The current majority is allied more or less with Villaraigosa, who publicly cut longstanding ties this month with United Teachers Los Angeles, calling the union the chief obstacle to school reform in the city. The union, in turn, has defended its record.

In District 1, covering much of south and southwest Los Angeles, the union has endorsed two-term incumbent Marguerite Poindexter LaMotte. She will be opposed by civil rights advocate Eric Lee, head of the Southern Christian Leadership Conference of Greater Los Angeles. While the mayor has yet to endorse, there’s no other candidate in this race, and Lee’s rhetoric on schools has substantially echoed the mayor’s. Lee joined the mayor last week in Compton to praise an attempt to convert a low-performing traditional school into an independently managed charter school.

In District 3, one-term incumbent Tamar Galatzan will face off a second time against Louis Pugliese, a college instructor and former charter-school board member. The mayor is expected to stick with Galatzan, although the two have sometimes clashed. The union’s previously endorsed candidate dropped out, which apparently leaves the union with the option of choosing Pugliese or sitting out this west San Fernando Valley race, saving resources for elsewhere.
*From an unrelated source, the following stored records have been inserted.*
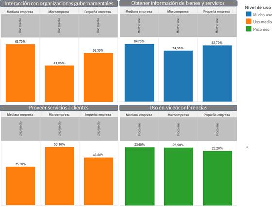 En las siguientes cuatro actividades que se muestran en la Figura 3, se puede observar que la interacción con organizaciones gubernamentales es de medio uso, en promedio de los tres tipos de organizaciones es de 55,60%. En el caso de obtener información de bienes y servicios es donde mayor uso existe, en la mediana empresa (84,70%), seguida de la pequeña empresa (82,70%) y la microempresa (74,3%). De igual manera en la provisión de servicios a clientes es de uso medio, principalmente en la microempresa (53,1%), seguida de la pequeña empresa (43,8%) y la mediana (35,2%). Finalmente, el uso en videoconferencias es bajo, la mediana empresa usa un 23,60%, mientras que la microempresa el 23,50% y la pequeña empresa el 22,20%.
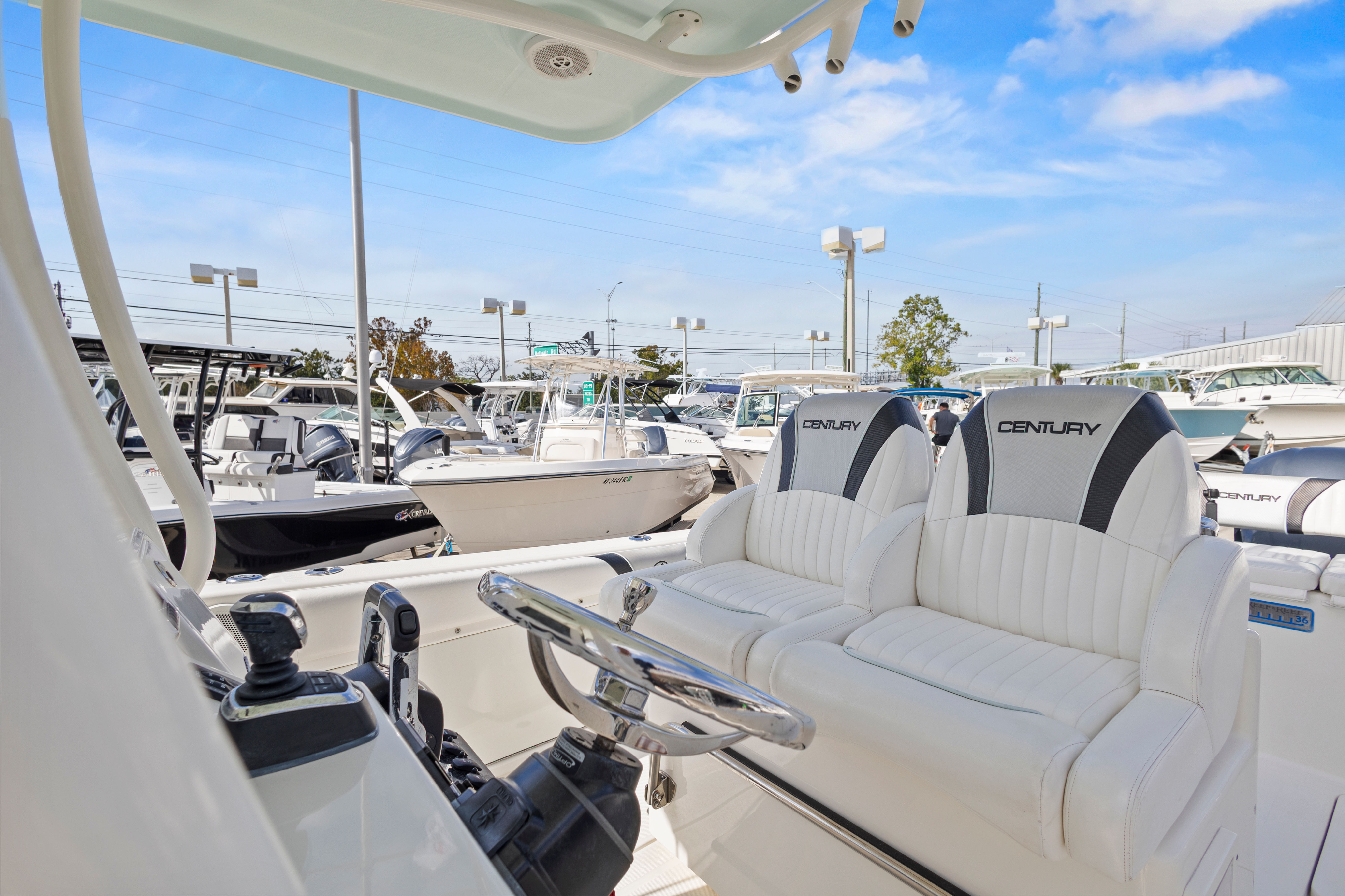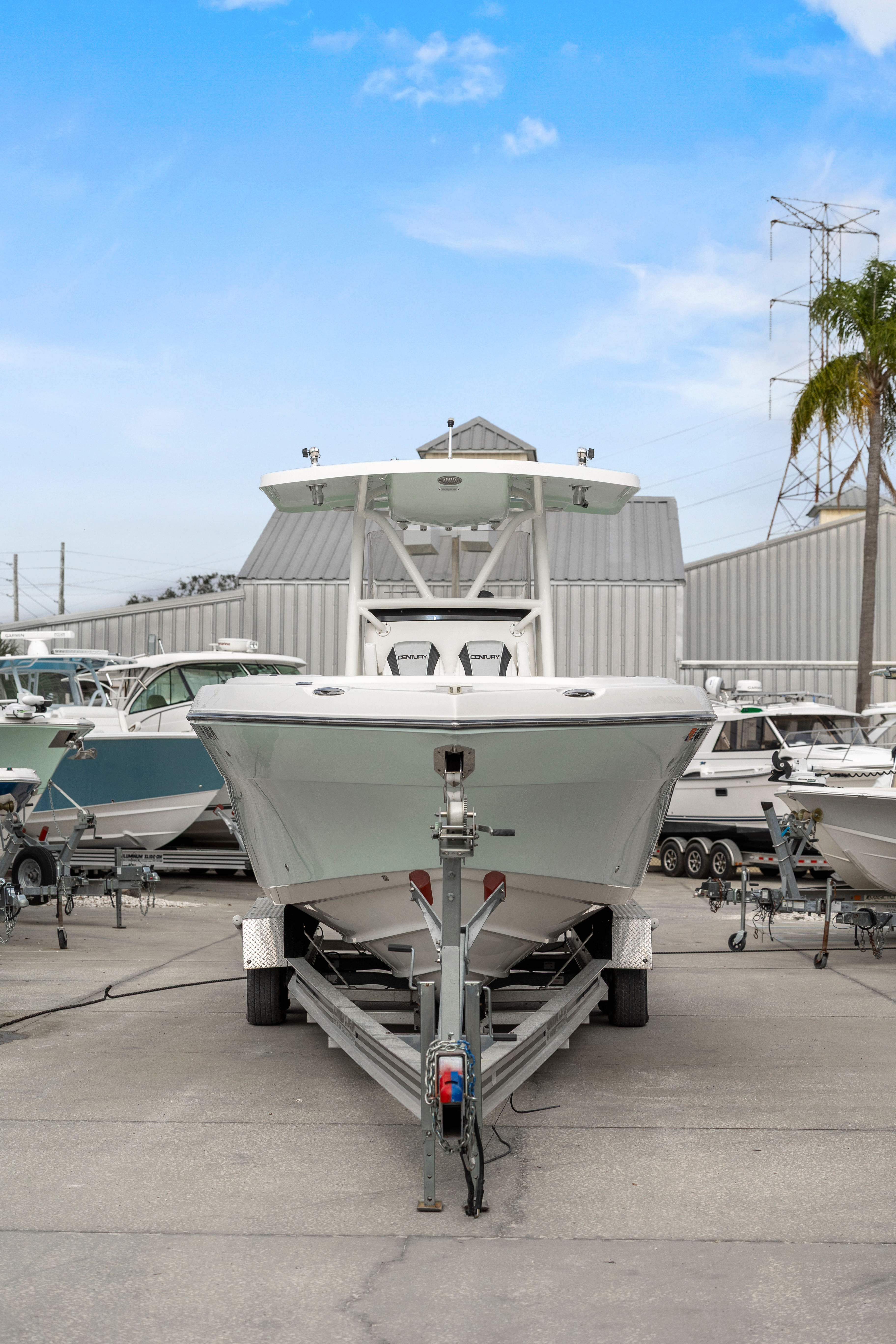 The Century 2901 CC is packed with features designed to enhance your boating experience. Its Center Console layout offers unobstructed 360-degree access around the deck, making it perfect for fishing, entertaining, or simply enjoying the view. The spacious cockpit provides plenty of room for guests, while the sturdy construction ensures safety and stability in various conditions. With a length of just over 29 feet, this boat offers generous storage options for gear, tackle, and personal items, keeping the deck clutter-free and organized.The dual-engine configuration not only boosts performance but also adds an extra layer of reliability, ensuring you can venture farther with peace of mind. The Century 2901 CC’s design emphasizes both function and comfort, with ergonomic seating and thoughtful placement of controls and amenities. Whether you’re preparing for a day of sport fishing or a relaxing cruise, this Center Console boat for sale is equipped to meet your needs.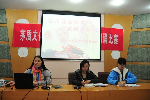 许主任的授课条理清楚、文字严密、内容生动、联系实际、图文结合,她给大家带来了今年最新最热的话题——依法治国。本次党课主要围绕三个内容展开:一,十八届四中全会的概况;二,四中全会最重要主题依法治国的内涵和意义;三,生活中依法治国的应用与案例。许主任首先回顾了以往几届四中全会的主题,引出今年会议的重要文件《中共中央关于全面推进依法治国重大问题的决定》,重点强调全面推进依法治国的5个体系,全面推进依法治国六项重大任务。并联系国情解释了依法治国的内涵,提醒大家今年新的内涵定义,“人民当家作主”。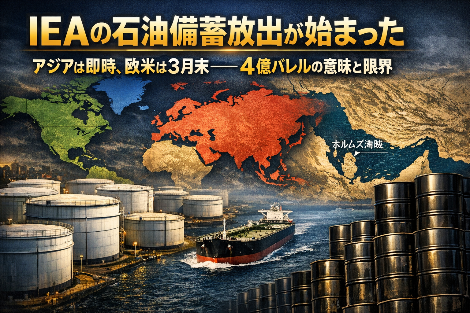 「いつ、どこに、どれだけ届くのか」——原油市場が最も知りたかった問いに、IEAがようやく答えた。3月11日に日本や欧米諸国が合意した史上最大規模の石油備蓄協調放出について、IEA(国際エネルギー機関)は3月15日、地域ごとの開始時期と放出量の内訳を明らかにした。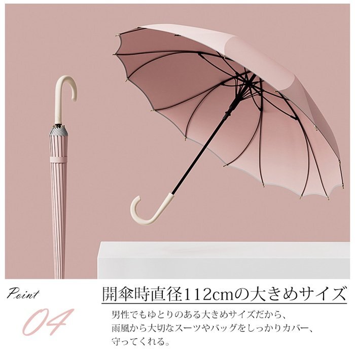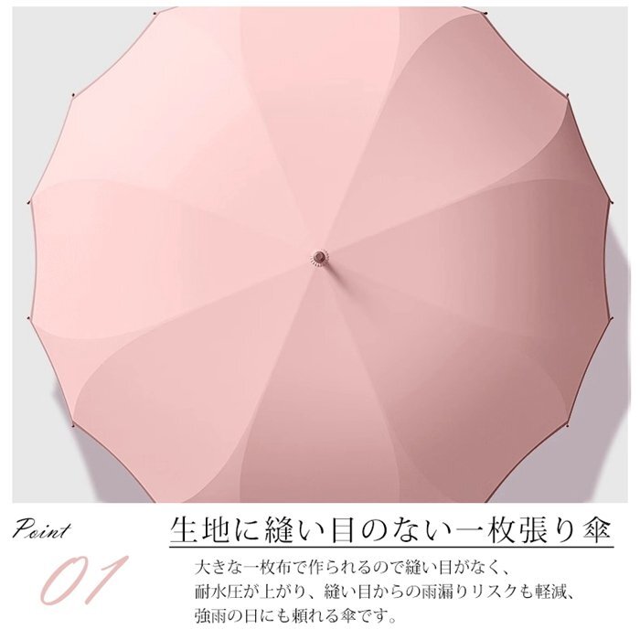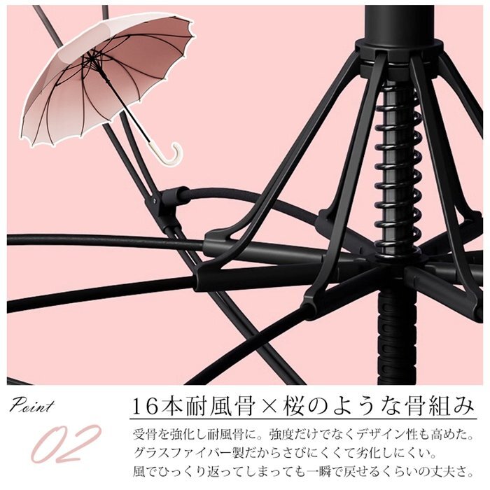 一枚張り 長傘 シームレス 16本骨 レディース おしゃれ ジャンプ式 風で裏返っても戻る 耐風 桜骨 グラスファイバー 雨傘 丈夫 風に強い さくら サクラみたいな形の骨の傘 お花の様な 花みたいな傘 花びらみたいな傘

District 5 has an open seat, with one-term incumbent Yolie Flores having decided not to run. The district spans Los Feliz, Silver Lake, Eagle Rock and the southeastern portions of L.A. Unified, including the cities of Huntington Park, Bell and South Gate. The person with the inside track on the mayor’s endorsement is Luis Sanchez, who is chief of staff for school board President Monica Garcia, a close Villaraigosa ally. The union is going with retired Roosevelt High teacher and union representative John Fernandez. The third candidate is teacher Bennett Kayser, who opposed Flores four years ago.

The candidates in District 7 are one-term incumbent Richard Vladovic and two previous candidates, Roy Love and Jesus Escandon. District 7 reaches from South Los Angeles to the Harbor area. Vladovic is expected to hold onto the mayor’s support. The union has endorsed Escandon.

The field has shrunk considerably since candidates first filed to run. Ten fell by the wayside because they withdrew, filed incomplete nominating petitions or turned in no petition at all.

-- Howard Blume

 
Comments () | Archives (3)

When does Tony Villaraigosa leave office....it can't be soon enough. Just as with the Governor's race where he was a day late and a dollar short because of his personal shortcomings (no pun intended); he throws former colleagues under the bus if it suits his political fortune. Anyone who trusts him is out of their minds. Has anyone noticed that the failures of LAUSD all seem to have occurred after Mayor Tony politicized education in LAUSD for his own gain. Hopefully, Jerry Brown adn Barak Obama see him for what his is....a lame duck hasbeen.

Although Villaraigosa has definitely not been the best mayor, blaming him for LAUSD's shortcoming or even hinting at the fact that he is to blame is ridiculous. To suggest that LAUSD was better before the mayor, is to be in some kind of nostalgia-induced coma. This district is in terrible shape, but it has been for a very long time. The economic climate has added to the woes, but those "better days" in LAUSD are like an urban legend.

You haven't had the privilage of working with this wanna be. Dan B is correct in saying that LAUSD went down the toilet when Mr. Photo OP took office. Take a good look around.